Start of Block

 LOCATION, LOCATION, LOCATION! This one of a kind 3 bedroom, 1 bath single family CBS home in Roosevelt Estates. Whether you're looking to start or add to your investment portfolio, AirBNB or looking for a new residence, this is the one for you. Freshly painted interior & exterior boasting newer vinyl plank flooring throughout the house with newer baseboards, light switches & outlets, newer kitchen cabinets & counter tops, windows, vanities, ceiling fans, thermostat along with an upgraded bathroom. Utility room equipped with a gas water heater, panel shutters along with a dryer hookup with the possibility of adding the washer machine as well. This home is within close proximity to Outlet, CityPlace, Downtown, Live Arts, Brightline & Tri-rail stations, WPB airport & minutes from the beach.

End of Block
Start of Block

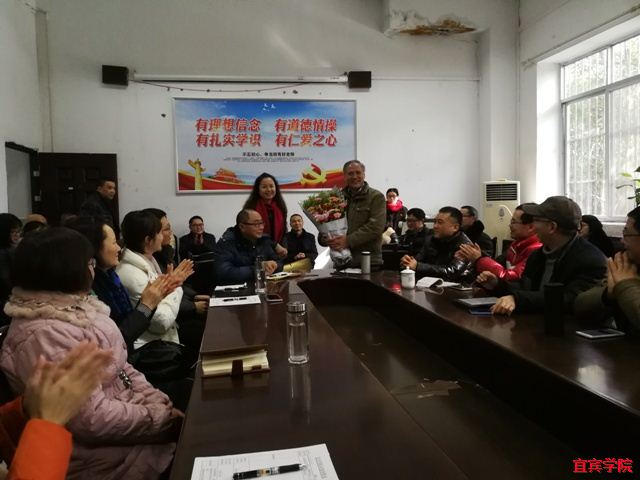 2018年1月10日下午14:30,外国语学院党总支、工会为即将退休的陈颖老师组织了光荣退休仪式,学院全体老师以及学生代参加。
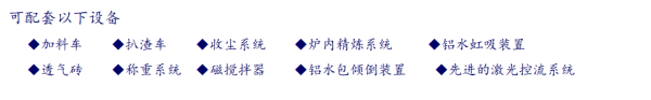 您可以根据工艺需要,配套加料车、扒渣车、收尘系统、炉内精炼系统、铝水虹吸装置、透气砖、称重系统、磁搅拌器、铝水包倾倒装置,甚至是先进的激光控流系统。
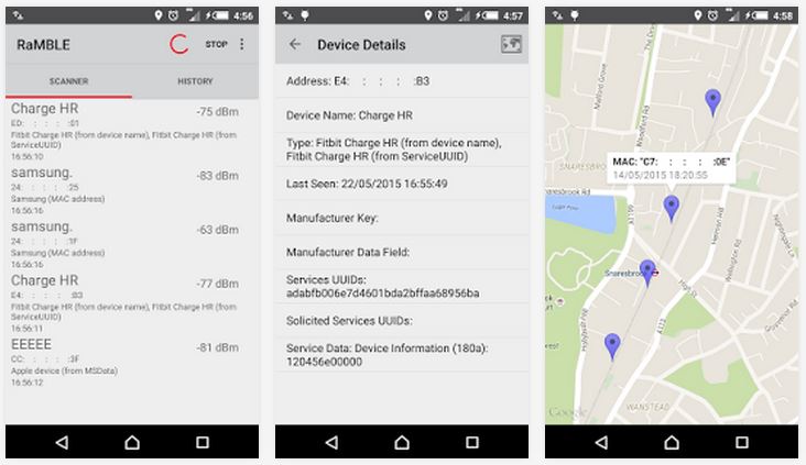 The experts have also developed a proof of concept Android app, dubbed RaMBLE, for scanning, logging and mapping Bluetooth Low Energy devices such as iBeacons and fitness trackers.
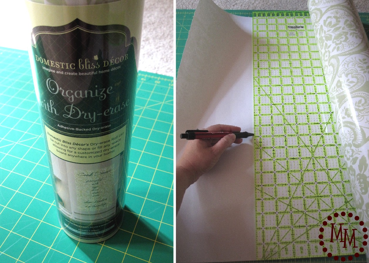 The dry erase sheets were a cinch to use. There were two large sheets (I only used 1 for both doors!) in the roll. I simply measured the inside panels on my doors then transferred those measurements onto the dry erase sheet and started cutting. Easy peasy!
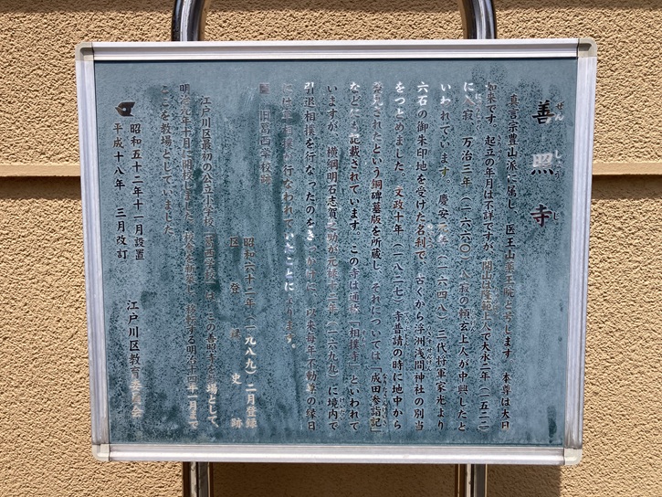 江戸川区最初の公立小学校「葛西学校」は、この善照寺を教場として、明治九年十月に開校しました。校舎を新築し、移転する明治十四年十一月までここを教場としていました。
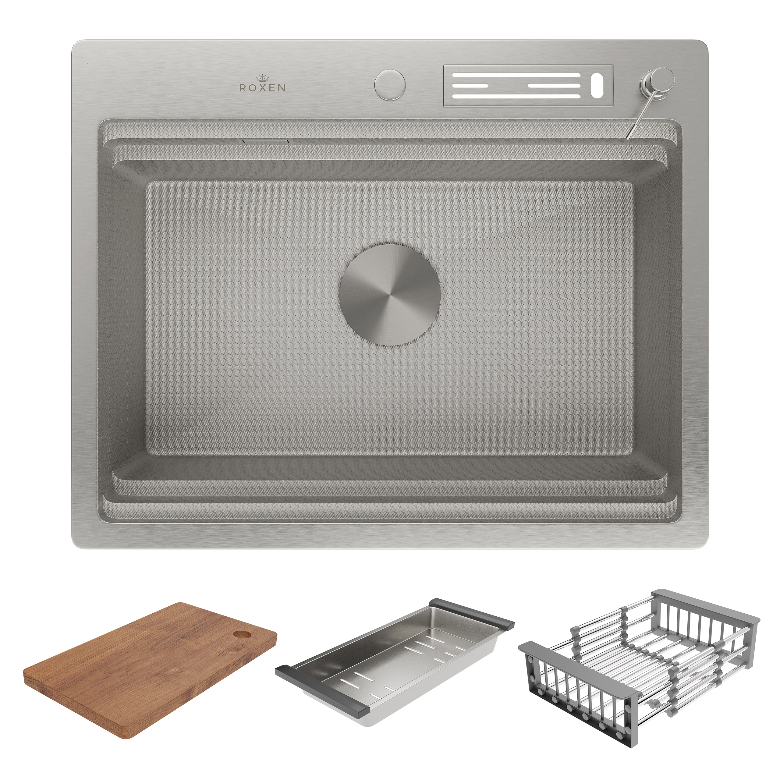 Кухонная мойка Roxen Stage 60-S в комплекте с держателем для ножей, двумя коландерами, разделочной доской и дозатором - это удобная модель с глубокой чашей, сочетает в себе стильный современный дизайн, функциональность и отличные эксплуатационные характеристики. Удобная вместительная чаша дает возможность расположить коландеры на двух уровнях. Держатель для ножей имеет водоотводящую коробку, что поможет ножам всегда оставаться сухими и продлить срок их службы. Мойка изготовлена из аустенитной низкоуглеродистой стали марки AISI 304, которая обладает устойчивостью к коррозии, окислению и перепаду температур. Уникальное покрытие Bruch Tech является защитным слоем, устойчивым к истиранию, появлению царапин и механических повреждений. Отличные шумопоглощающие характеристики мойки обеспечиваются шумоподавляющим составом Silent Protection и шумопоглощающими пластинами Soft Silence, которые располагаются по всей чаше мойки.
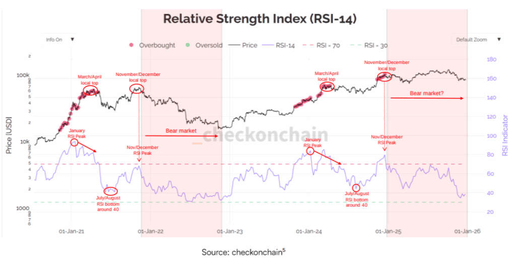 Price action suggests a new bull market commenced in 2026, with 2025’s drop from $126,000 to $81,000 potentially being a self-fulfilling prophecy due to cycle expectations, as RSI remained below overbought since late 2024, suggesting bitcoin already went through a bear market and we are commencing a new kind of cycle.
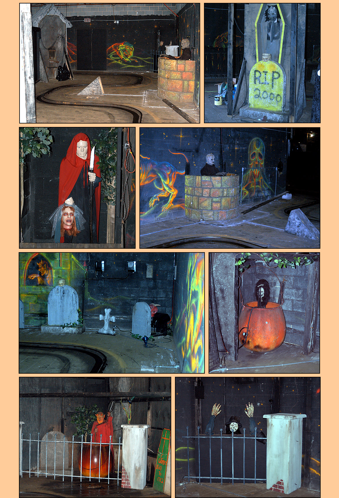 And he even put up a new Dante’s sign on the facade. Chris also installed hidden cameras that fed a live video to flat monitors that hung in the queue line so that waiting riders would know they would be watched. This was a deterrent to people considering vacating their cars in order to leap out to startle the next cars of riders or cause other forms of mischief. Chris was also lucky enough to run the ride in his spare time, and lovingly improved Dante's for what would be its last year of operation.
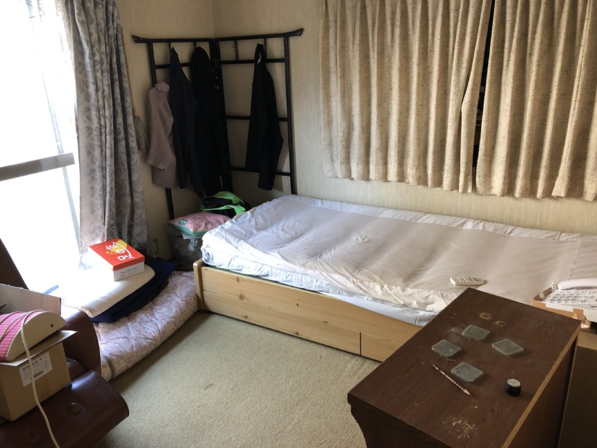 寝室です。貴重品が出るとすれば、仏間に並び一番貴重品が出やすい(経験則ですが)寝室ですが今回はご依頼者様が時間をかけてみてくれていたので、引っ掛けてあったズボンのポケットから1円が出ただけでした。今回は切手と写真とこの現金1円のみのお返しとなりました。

End of Block

AIM OF THE TASK. Although the records above contain pictures, the copy should not; retype exactly the lines from the one containing "The dry erase sheets" through the one containing "江戸川区最初の公立小学校「葛".

ANSWER TO THE EXERCISE.
 The dry erase sheets were a cinch to use. There were two large sheets (I only used 1 for both doors!) in the roll. I simply measured the inside panels on my doors then transferred those measurements onto the dry erase sheet and started cutting. Easy peasy!
 江戸川区最初の公立小学校「葛西学校」は、この善照寺を教場として、明治九年十月に開校しました。校舎を新築し、移転する明治十四年十一月までここを教場としていました。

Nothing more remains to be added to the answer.